Our Spaceflight Heritage: The legacy of STS-107
On Jan. 16, 2003, when the Space Shuttle Columbia (flight STS-107) lifted off from Launch Complex 39A, her crew was finally embarking on the mission they had waited five years to launch.
Originally slated to fly in May of 2000, changes in flight priorities for supply and assembly of the Space Station, along with a Hubble Space Telescope servicing mission also flown aboard Columbia, had shuffled the mission’s target date numerous times.
They had spent 16 days in space performing over 100 science experiments in the SpaceHab module in Columbia’s payload bay. Most of their findings were sent back to Houston.
As is well known, their doomed flight ended over Texas when Columbia broke up during re-entry on February 1, 2003. The crew had consisted of the following:
- Rick Husband, mission commander, on his second spaceflight after being the pilot on STS-96. He was commissioned as a second lieutenant in the U.S. Air Force prior to joining NASA. He loved to ski both on water and on snow.
- Pilot William “Willie” McCool, also a Commander in the U.S. Navy, was making his first spaceflight. Willie enjoyed many outdoor activities and a good game of chess.
- Mission specialist 1 David Brown, a U.S. Navy Captain having served as a flight surgeon prior to flying the A-6E Intruder. This was his first spaceflight.
- Mission specialist 2 Kalpana Chawla was on her second spaceflight, both aboard Columbia. When not busy at NASA, she enjoyed flying gliders and single and multi-engine land and water aircraft.
- Mission specialist 3 Michael Anderson, a Lieutenant Colonel in the U.S. Air Force, was making his second spaceflight having flown on the eighth Shuttle–Mir Program docking mission, STS-89. Another chess player, he also enjoyed playing tennis.
- Mission specialist 4 Laurel Clark, another spaceflight rookie, was a medical doctor by trade and an adrenalin junkie in her spare time enjoying scuba diving, hiking, camping, biking, and parachuting.
- Payload specialist Ilan Ramon, the first Israeli astronaut, was a Colonel in the Israeli Air Force. Like his commander, he loved to snow ski. They all loved being astronauts and worked very hard in order to get their chance to fly in space.
All of the crew were humbled to be part of such a select group of people who went on to fly in space. Perhaps David Brown summed it up best in a preflight interview for STS-107:
But I absolutely couldn’t identify with the people who were astronauts. I thought they were movie stars. And I just thought I was kind of a normal kid. And so I couldn’t see a path how a normal kid could ever get to be one of these people that I just couldn’t identify with. And so, while I would’ve said, “Hey, this is like the coolest thing you could possibly do,” it really wasn’t something that I ever thought that I would end up doing.
NASA’s policies and attitudes
Like the Apollo 1 and Challenger tragedies before them, investigations once again revealed deficiencies in NASA’s policies and attitudes that if they had been resolved prior to the accidents, might have prevented them.
The shuttle was once again grounded while changes were implemented both in procedures and in equipment. The Space Shuttle Program was also given an “end of life” timeline in such that it would fly to finish the assembly of the International Space Station (ISS) before being retired.
As a result, NASA began working with private space companies, such as SpaceX, Boeing, and Orbital ATK, to provide cargo and eventually crew rotation flights to the ISS.
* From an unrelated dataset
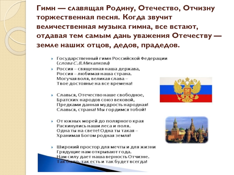 Гимн — славящая Родину, Отечество, Отчизну торжественная песня. Когда звучит величественная музыка гимна, все встают, отдавая тем

Today, despite launch failures, cargo flights to the ISS are becoming more routine and crewed commercial flights are slated to begin in 2018.
In the interim, NASA astronauts have been traveling to the ISS via the Russian Soyuz capsule. The seats have increased steadily in price, most recently costing NASA over $60 million for a seat.
NASA also began looking to travel out of low-Earth orbit for the first time since 1972 when Apollo 17 flew the last manned mission to the Moon. Today they are getting closer to that goal with the continued development of a new heavy-lift rocket, the Space Launch System (SLS), and a new deep space capsule, dubbed Orion, which flew its first unmanned test flight in December 2014.
The first flight of the SLS, currently slated for late 2018, will be an unmanned flight taking the Orion capsule on a trip to the Moon and back.